Federal Reserve Bank of New York President William Dudley, Eric Rosengren, president of the Boston Fed, and Fed Governor Elizabeth Duke followed Bernanke in highlighting the need to fix housing to speed the recovery.

Dudley called on the government to remove obstacles to refinancing, saying in a Jan. 6 speech to the New Jersey Bankers Association that the Fed is no "substitute" for government measures. Rosengren said that day in Connecticut he supports buying more mortgage-backed securities. San Francisco Fed President John Williams sees a "strong case" for the move, he said yesterday.

The Fed has taken unprecedented steps to lower borrowing costs as it held short-term interest rates near zero since 2008. It acquired $1.25 trillion of government-backed mortgage securities and $172 billion of federal agency bonds from December 2008 through March 2010, as part of a process known as quantitative easing, or QE. It embarked on a second stage involving $600 billion of Treasuries through last June.

In October, it began recycling proceeds from the mortgage and agency debt into home-loan securities, buying $80.2 billion through Jan. 4. Reinvestment will probably total about $200 billion this year, according to Barclays, JPMorgan Chase & Co. and Credit Suisse Group AG.

Dudley's comments and the Fed study signal a greater likelihood of QE3, according to Ajay Rajadhyaksha, a Barclays analyst in New York, who has estimated it could involve $500 billion to $750 billion of mortgage-bond purchases over a year.

"The investment community is almost regarding quantitative easing as a free good and if it's a free good, why not just do QE10,000," said Sanders, a former head of mortgage-bond research at Deutsche Bank AG. "If rates start going up, somebody's going to have to pay the tab, and you know who that is: John Q. Public."

While central bankers are frustrated with the results of their record monetary stimulus, Sandra Pianalto, president of the Cleveland Fed, said yesterday after a speech in Wooster, Ohio that "on the margin" it's affecting mortgage refinancing.

Last year, refinancings totaled $858 billion, according to a Mortgage Bankers Association estimate.

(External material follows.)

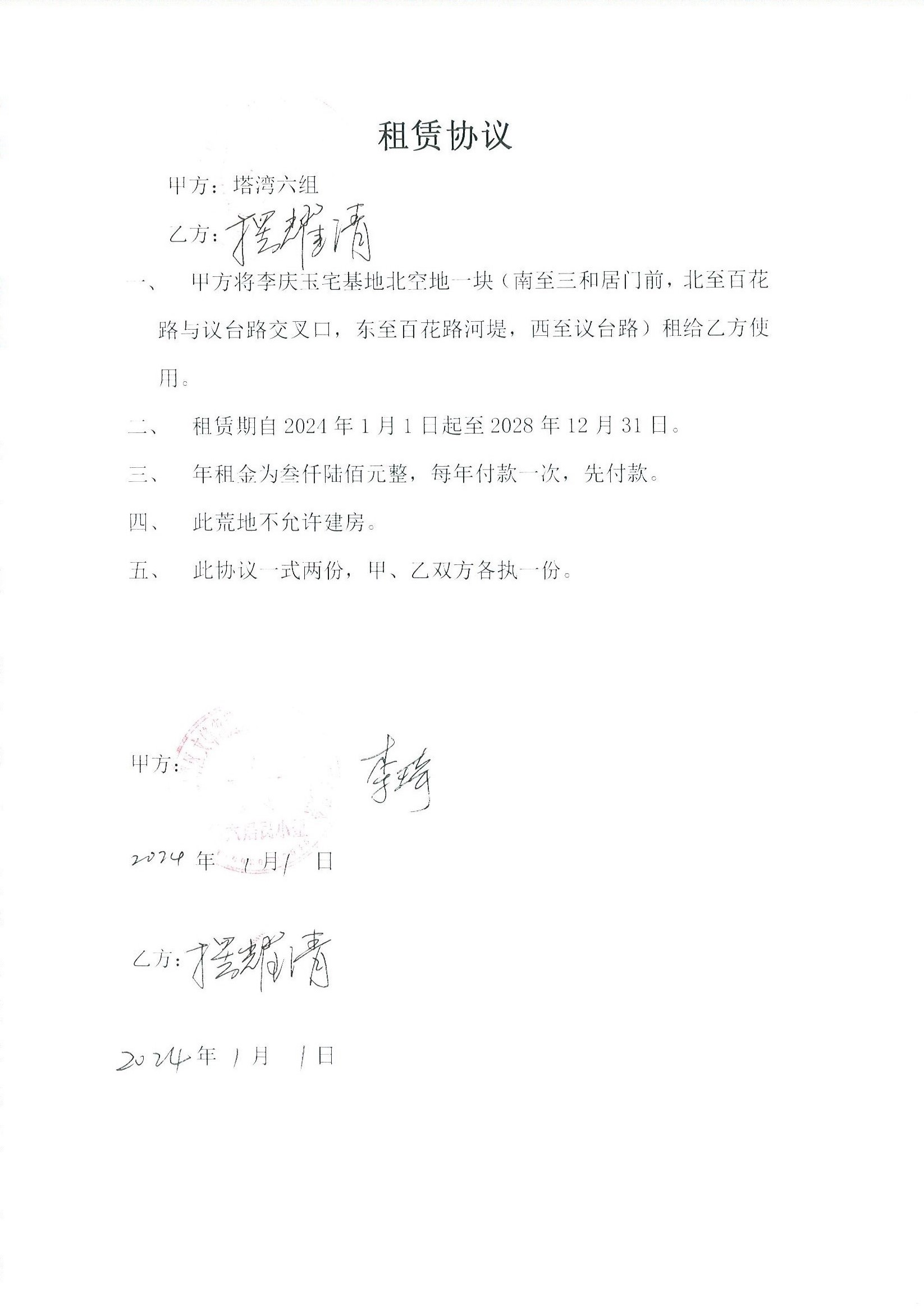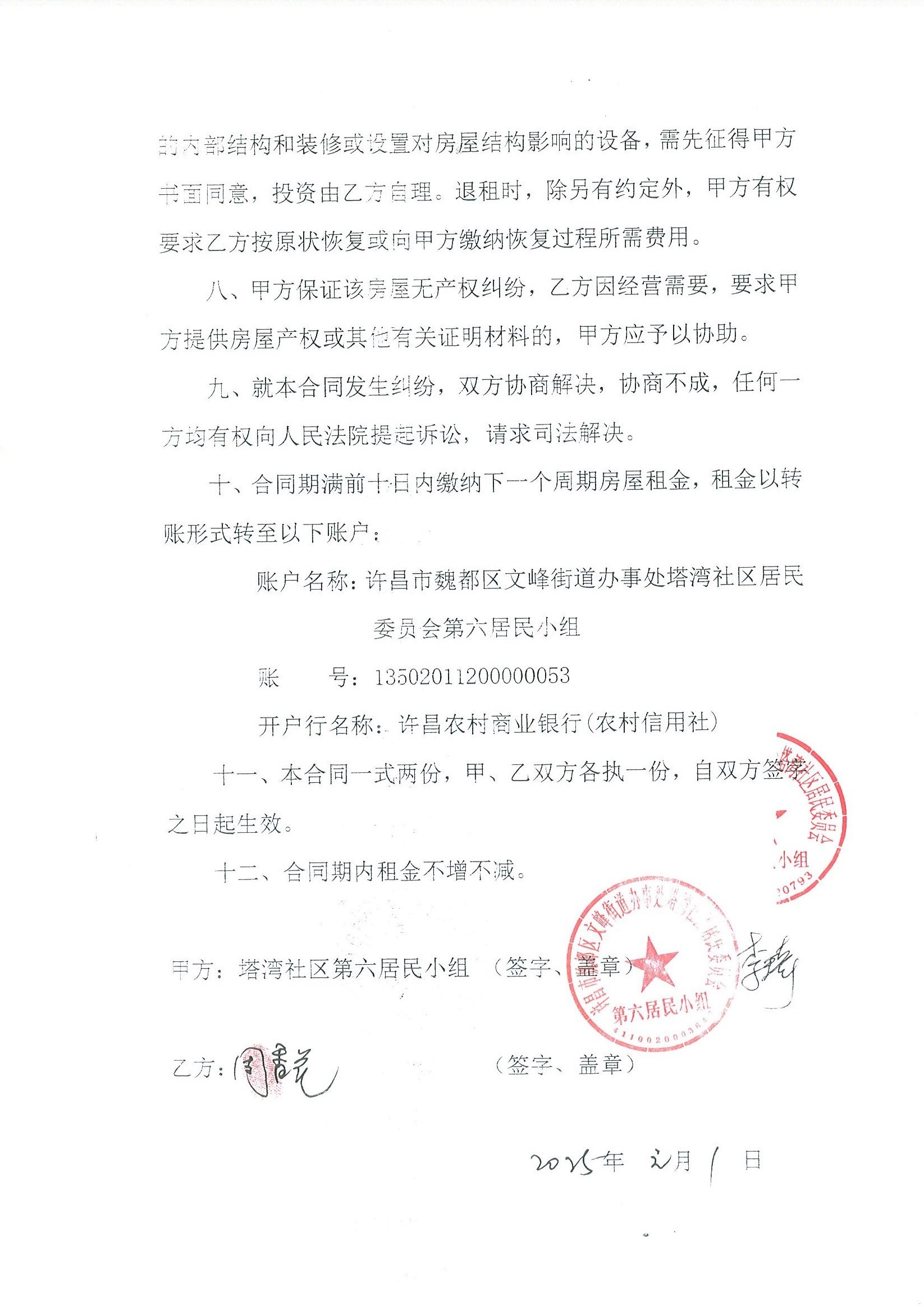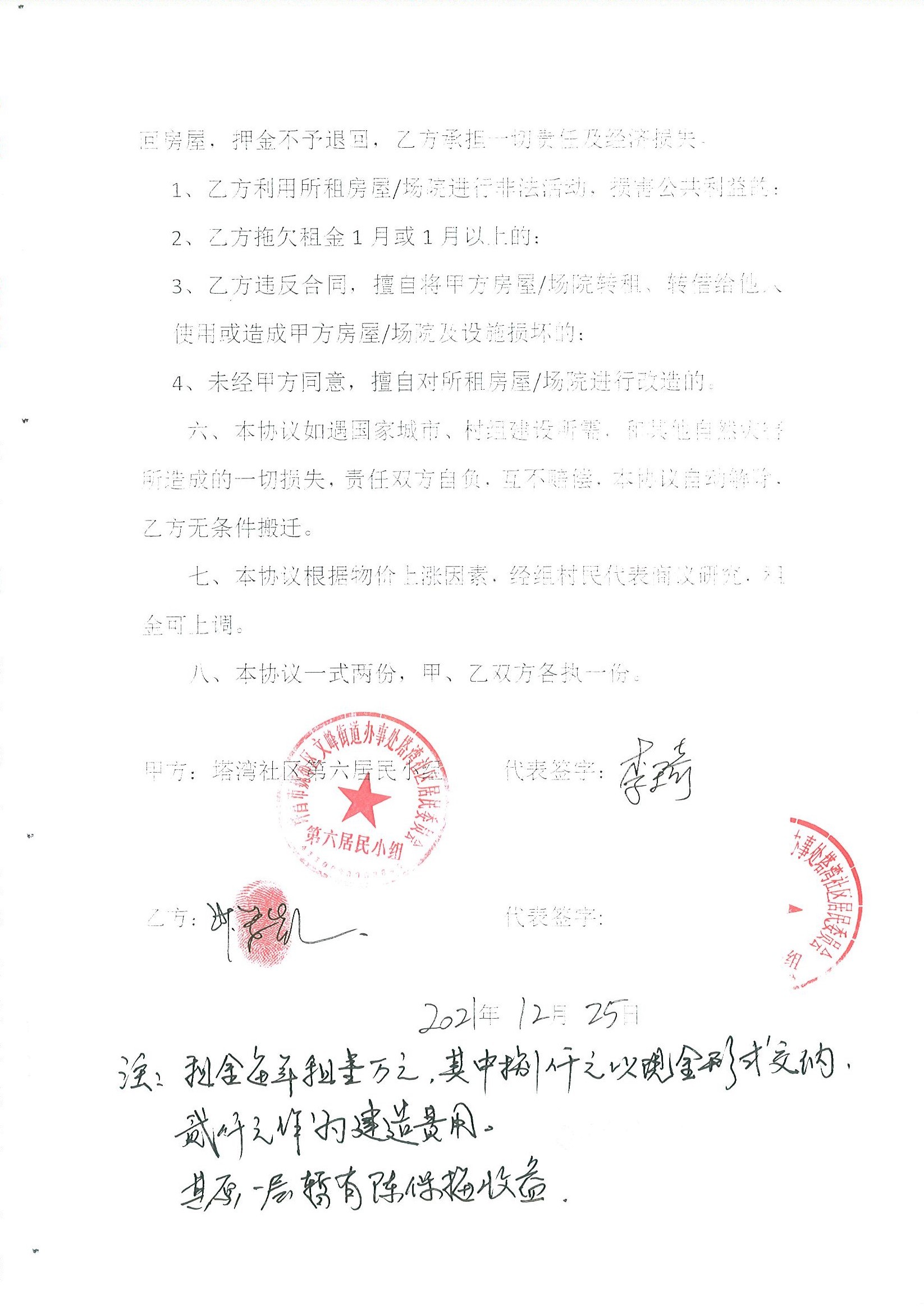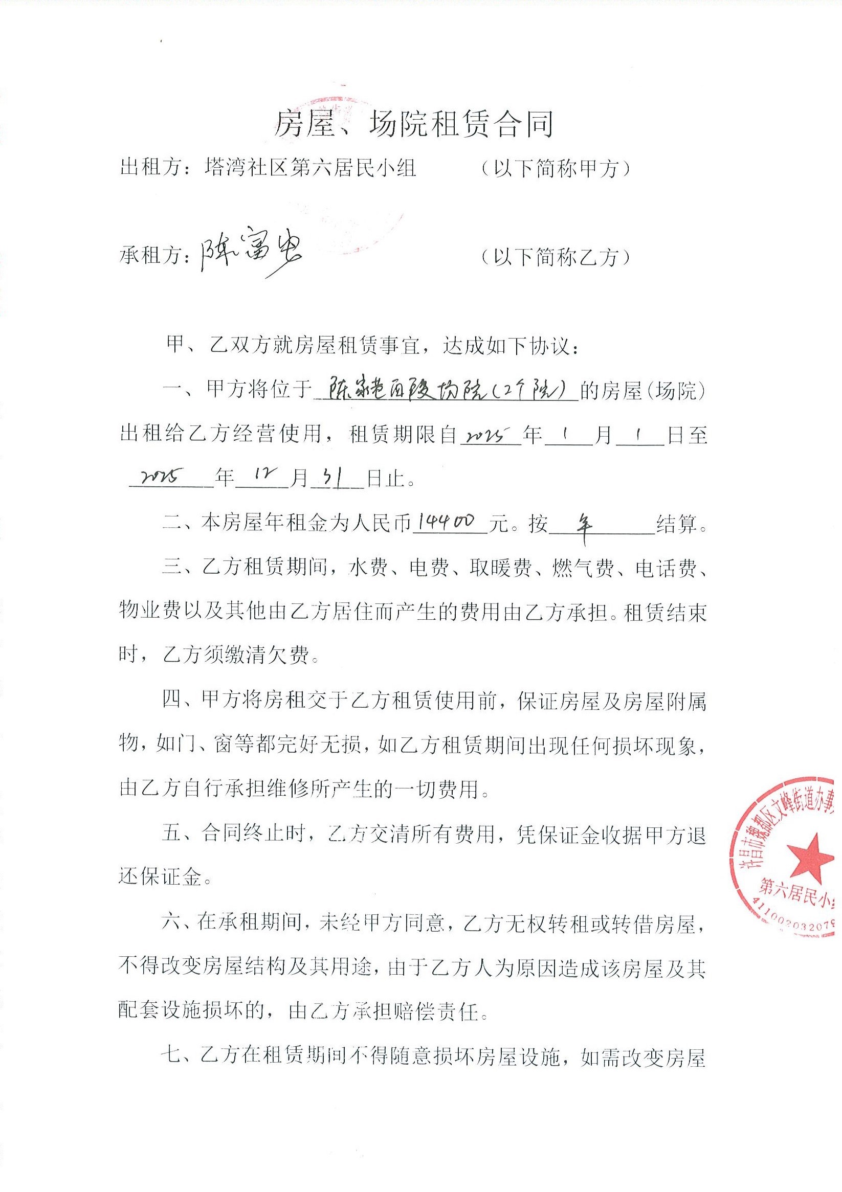 文峰办事处塔湾社区第六居民小组门面房及场院租赁协议

Average rates on typical 30-year mortgages between 3.9 percent and 4 percent since early December, based on Freddie Mac data, bolster home prices by allowing property buyers to pay more. A monthly bill of about $1,430 covers a $300,000 loan at a 4 percent rate, versus $267,500 at 5 percent.

Unemployment is also easing. A Labor Department report showed that the jobless rate fell to 8.5 percent in December, the lowest since February 2009. Unemployment peaked at 10 percent that year as the financial crisis triggered the biggest economic contraction since the Great Depression in the 1930s.

Monetary policy hasn't been enough to prevent house prices from continuing their more than five-year long slide, with Pacific Investment Management Co.'s Scott Simon, the bond manager's mortgage head, forecasting further declines of 6 percent to 8 percent.